Sunday, December 25, 2011

Reflections on Jesus--Christmas Day

"Jesus is multiply displaced, made peripheral to the important places in the world."--Garry Wills, "What Jesus Meant," p. 3.

As recounted by Wills, His displacements include:

1)he comes from a despised city and region--Nazareth;

2)his parents are displaced by "decree of an occupying power;"

3)Joseph has no relatives left in Bethlehem with whom they can stay;

4)there is no inn--even for a woman well-advanced in pregnancy;

5)He is born in a barn and laid in a hay trough.

What an undignified entry into the world for the Creator of the universe.  Wills sums it up:

"Not only is he born into an oppressed people, and forced out of his parents' city, and excluded from their common shelter--now the oppressed person, the homeless person, the excluded person must become a fugitive, driven farther away from the familiar;  the comfortable, into an exile [in Egypt] that recalls the wandering of the whole Jewish People."  Id. at p. 4.
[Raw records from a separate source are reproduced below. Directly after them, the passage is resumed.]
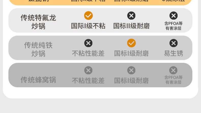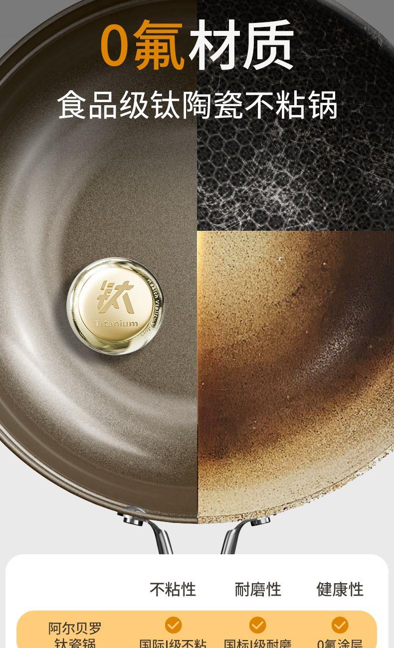 規(guī)格:26cm 材質(zhì):鋁合金+陶瓷 單個(gè)尺寸:482*322*105 1、國(guó)標(biāo)1級(jí)不粘,鈦不粘不糊底 2、鈦瓷革新材質(zhì),0氟0析出0涂層 3、9HV硬度,持久耐磨不粘 4、鍋體減重約18%,單手可顛 5、可進(jìn)洗碗機(jī),解放雙手。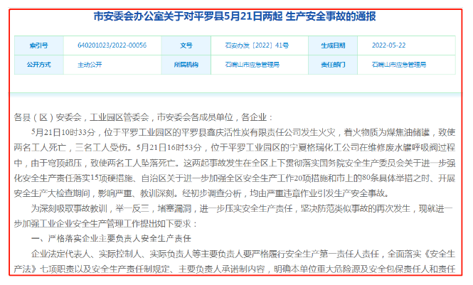 5月21日10时33分,位于平罗工业园区的平罗县鑫庆活性炭有限责任公司发生火灾,着火物质为煤焦油储罐,致使两名工人死亡,三名工人受伤。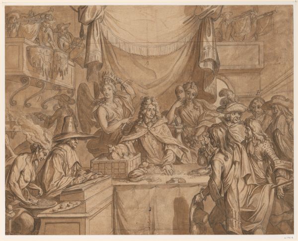 Wilhelm Marstrand rendered "Bellman'sk motiv: Koncerten på "3 Byttor", Fredmans epistel nr. 51" with pen and brown ink, creating a scene teeming with musical energy. The composition, though appearing spontaneous, is carefully structured to capture a boisterous, informal concert. Notice how Marstrand employs dense cross-hatching to define forms and create depth, particularly in the darker areas which contrast with the sketchier, lighter regions. The figures, clustered around a central singer, are rendered with an emphasis on capturing their individual expressions and gestures. The lines convey a sense of movement and immediacy which adds to the lively atmosphere of the scene. The use of line, rather than color, directs our gaze and articulates the scene's various components. Marstrand transforms what might be a chaotic scene into a coherent and engaging visual experience through his control over the medium. This drawing reflects a moment of artistic interpretation that captures the spirit of music and social gathering through formal means.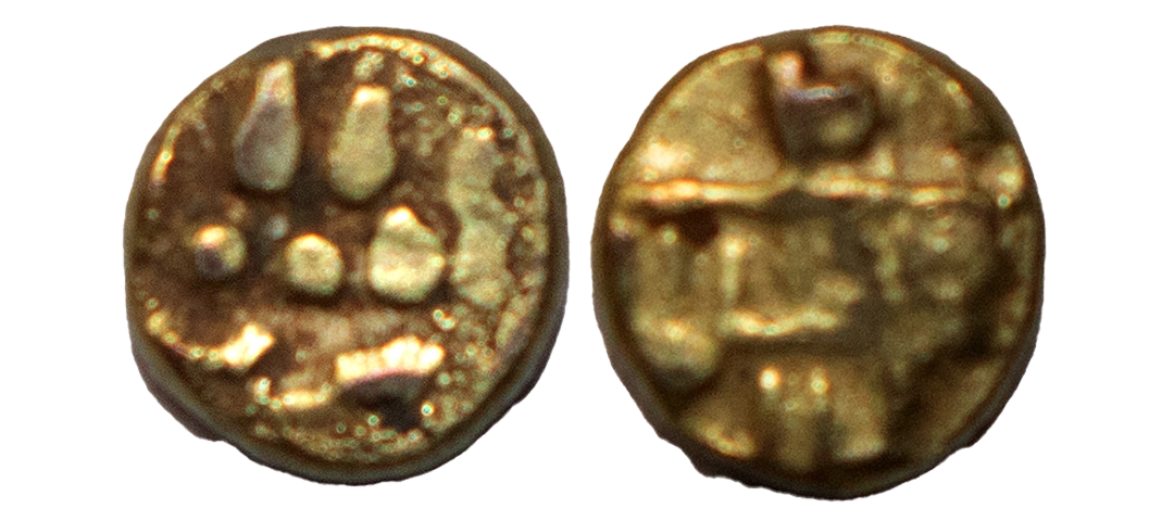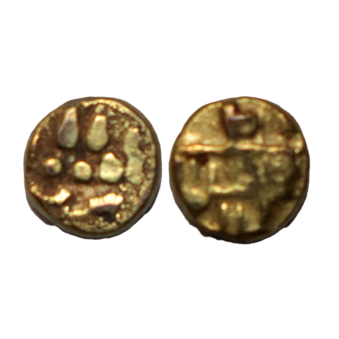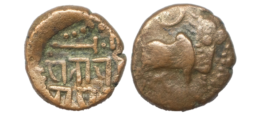 Medieval India, Chowhans of Ranthambhor, Jaitra Simha (c. 1275 AD), Silver Dramma, 2.65Grms, OBV: Lion facing left with upraised paw within dotted circular border, REV: Nagari legend in three line 'Jaitasi Deva' within dotted circular border. (Deyell # 366). Very Fine+.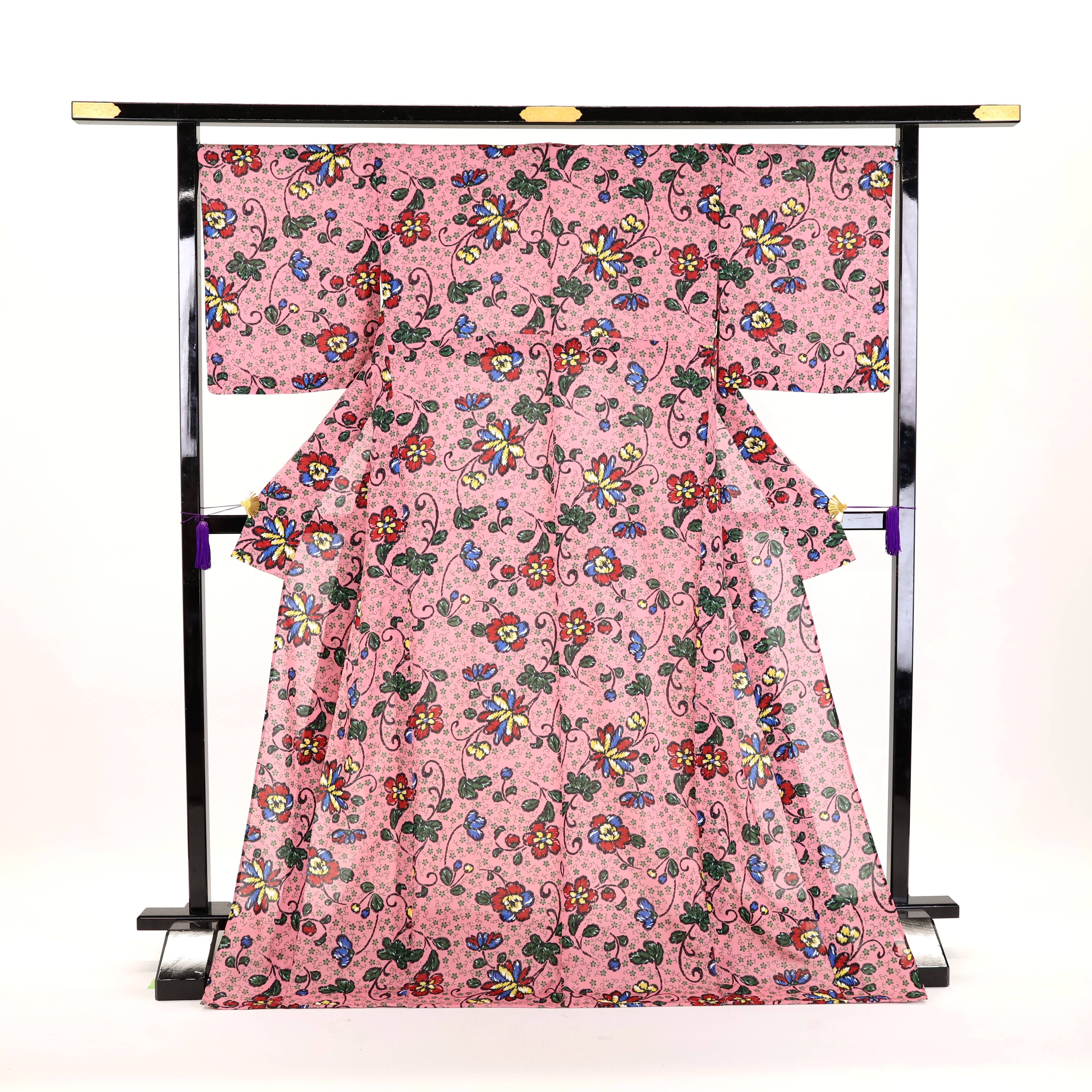 地色のピンクに、存在感のあるカラフルな花が大胆に描かれていて、レトロなポップ感がある雰囲気を醸し出すこちらのお着物。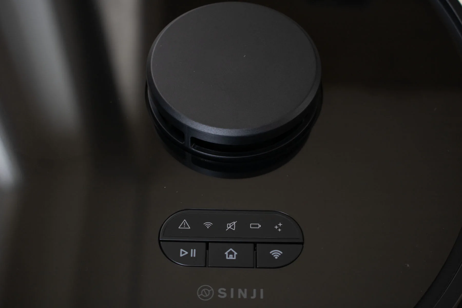 Op de robotstofzuiger zelf zit ook nog een bedieningspaneel, zodat je de Sinji robotstofzuiger Pro zonder telefoon opdrachten kan geven. Er zijn drie knoppen op het bedieningspaneel: Play/Pause knop, Home-knop en Verbindingsknop. Via deze knoppen kan je de volgende opdrachten doorgeven: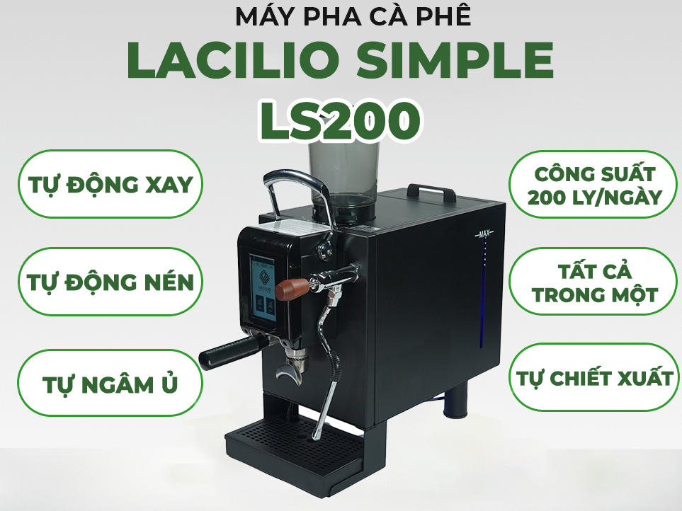 Máy pha cà phê Lacilio Simple LS200 thuộc dòng máy pha cà phê tự động chất lượng đến từ thương hiệu Lacilio của Việt Nam. Sản phẩm vận hành với công suất 2.200W với khả năng pha được 200 tách/ngày có thể đáp ứng nhu cầu sử dụng cho nhiều văn phòng, hàng quán. Hãy cùng chúng tôi tìm hiểu kỹ hơn về chiếc máy pha cà phê này bạn nhé!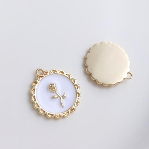 • 圓形 畫白油玫瑰花相框吊墜 1個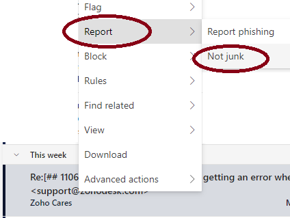 - Select "Report > Not junk"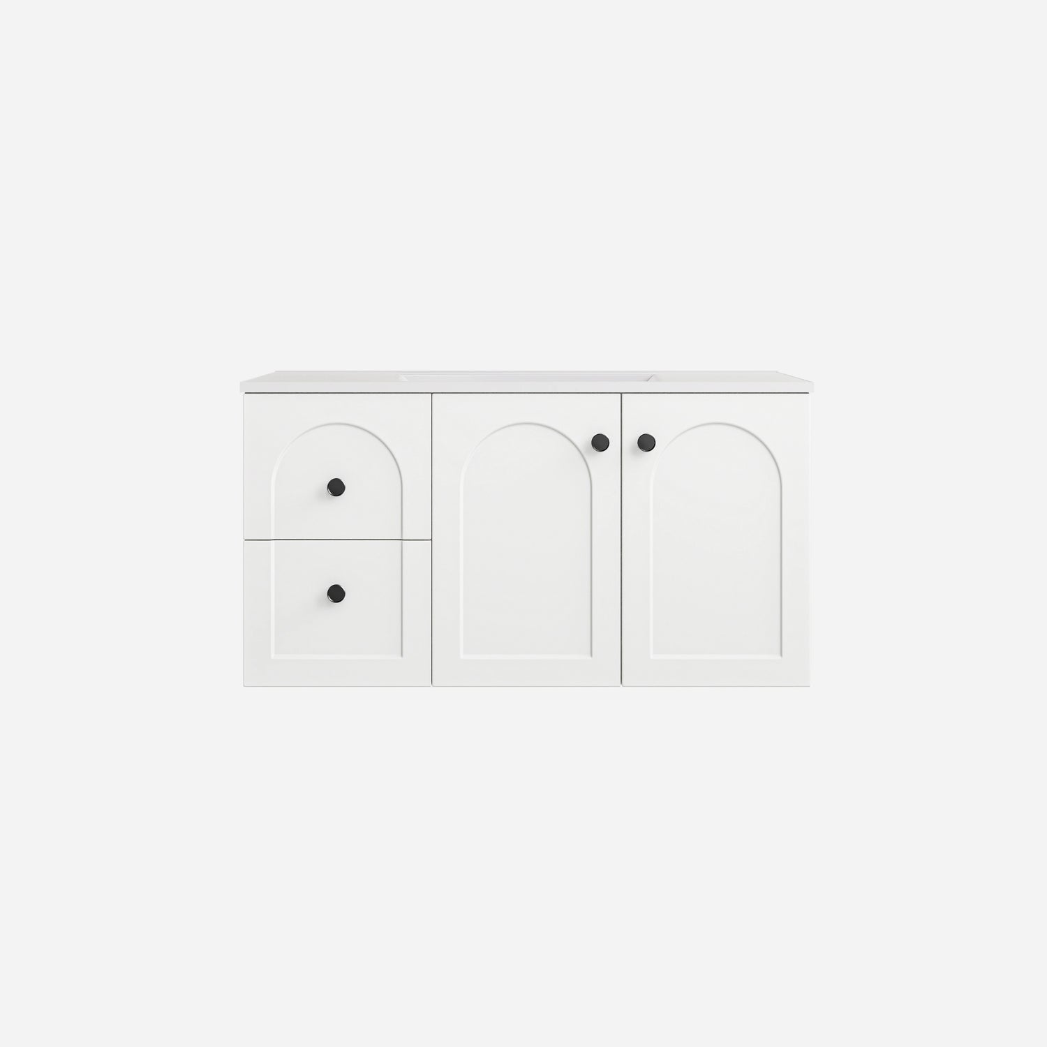 Chester Archie Hampton 900mm Matte White PVC Waterproof Wall Hung Bathroom Vanity Brushed Nickel Handles - Cabinet only / Matte White / Drawers on Left (Black Handles) is backordered and will ship as soon as it is back in stock.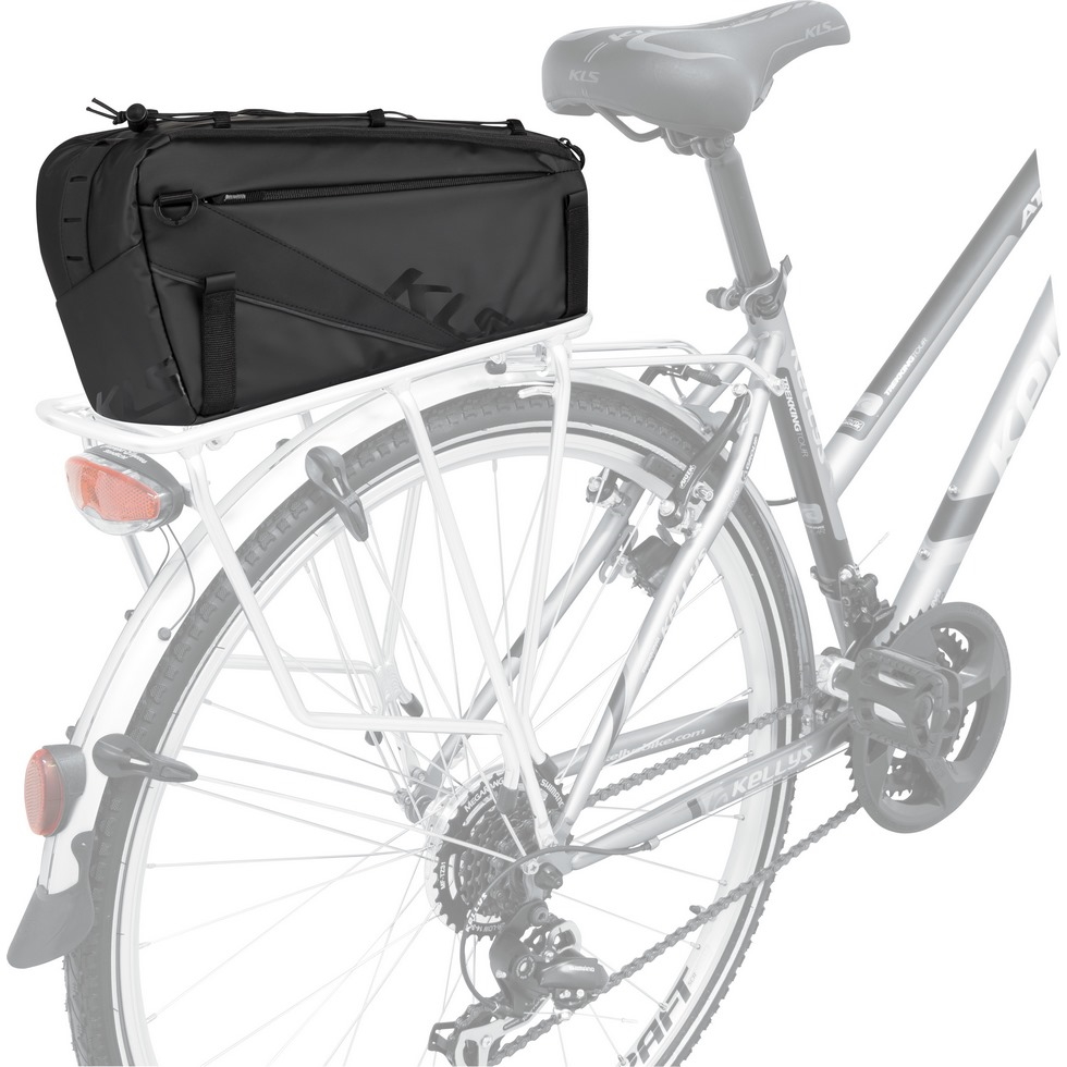 Die hintere Tragetasche Kellys Space 10 besteht aus strapazierfähigem und wasserdichtem Planenmaterial. Die Tasche hat ein Hauptteil und zwei Seitentaschen für schnellen Zugriff. Das Sechs-Punkt-Klettverschlusssystem ermöglicht ein schnelles Festklemmen der meisten Arten von Heckträgern. Die Kellys Space 10-Tasche hat ein beachtliches Volumen von 10 Litern und einen abnehmbaren Schultergurt, der auch außerhalb des Fahrrads problemlos getragen werden kann.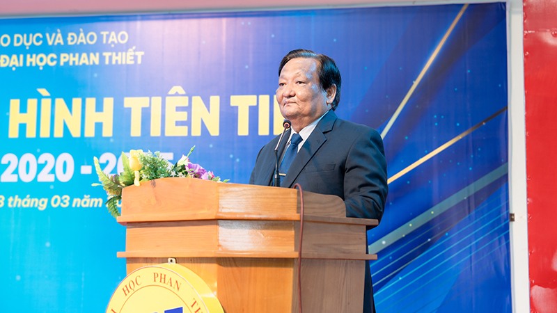 PGS.TS.NGƯT. Võ Khắc Thường – Chủ tịch Hội đồng trường – Hiệu trưởng trường Đại học Phan Thiết phát biểu khai mạc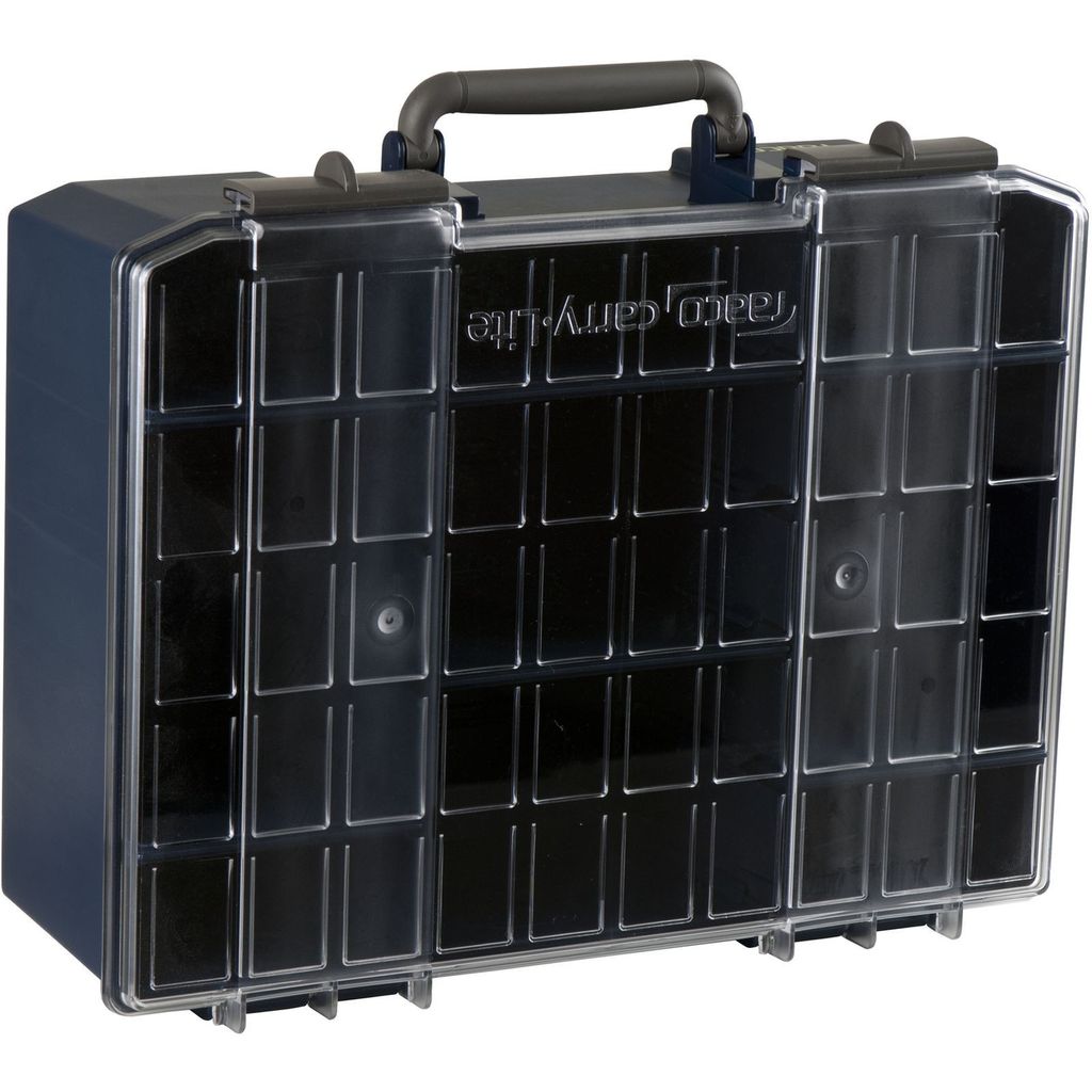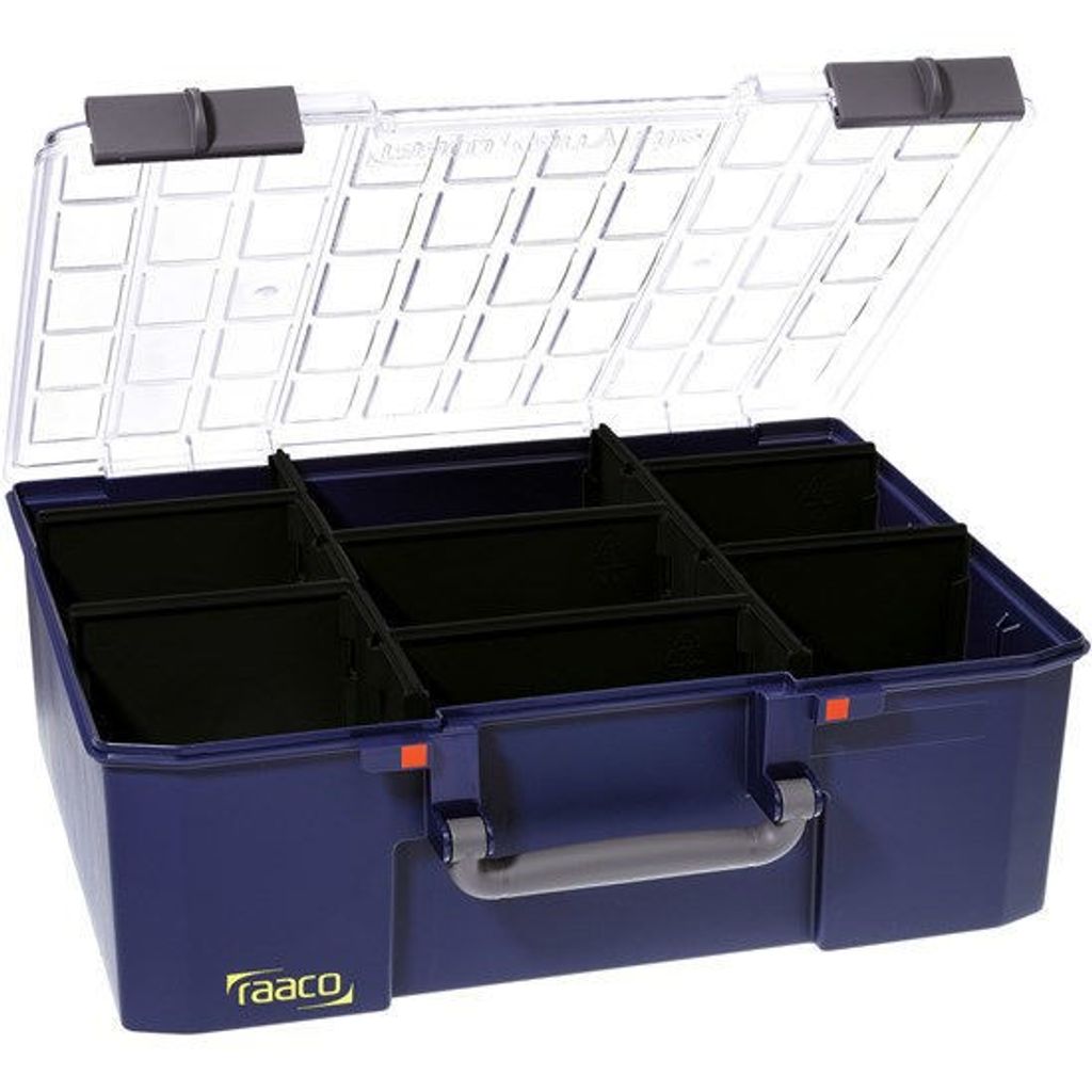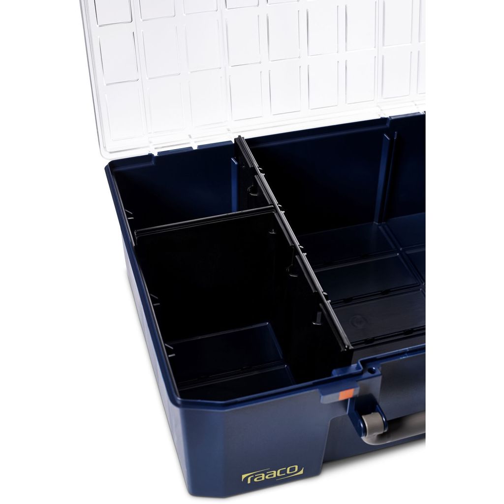 Lockets fyra gångjärn och två skjutlås garanterar att väskan håller sig stängd och innehållet säkert på plats. Det glasklara polykarbonatlocket ger en tydlig översikt över innehållet utan att behöva öppna väskan, vilket sparar tid och gör det enkelt att hitta det du behöver. Det praktiska bärhandtaget gör väskan lätt att transportera, och de lösa skiljeväggarna gör att du kan anpassa inredningen efter dina specifika behov.

What a blessing Garry Wills is to Christendom!  He so aptly captures the other worldliness of Christ.

One Christmas, I was reading one of Luther's Christmas sermons to my children.  Mathis, age 7 or 8, said:

"Jesus was born lowly so that all could come to Him. "  That well explains Christ' entry into the world.  Had he been born in a palace, He would not have been approachable by the common man.  Had he been born into luxury, he would not have been approachable by the poor.  Had he been born into high social class, he would not have been approachable by the social outcasts.  Had he not suffered and died on the Cross, we would not understand that God is empathetic and involved in our pain and suffering.

So, praise God for His radical entry into our world and our lives.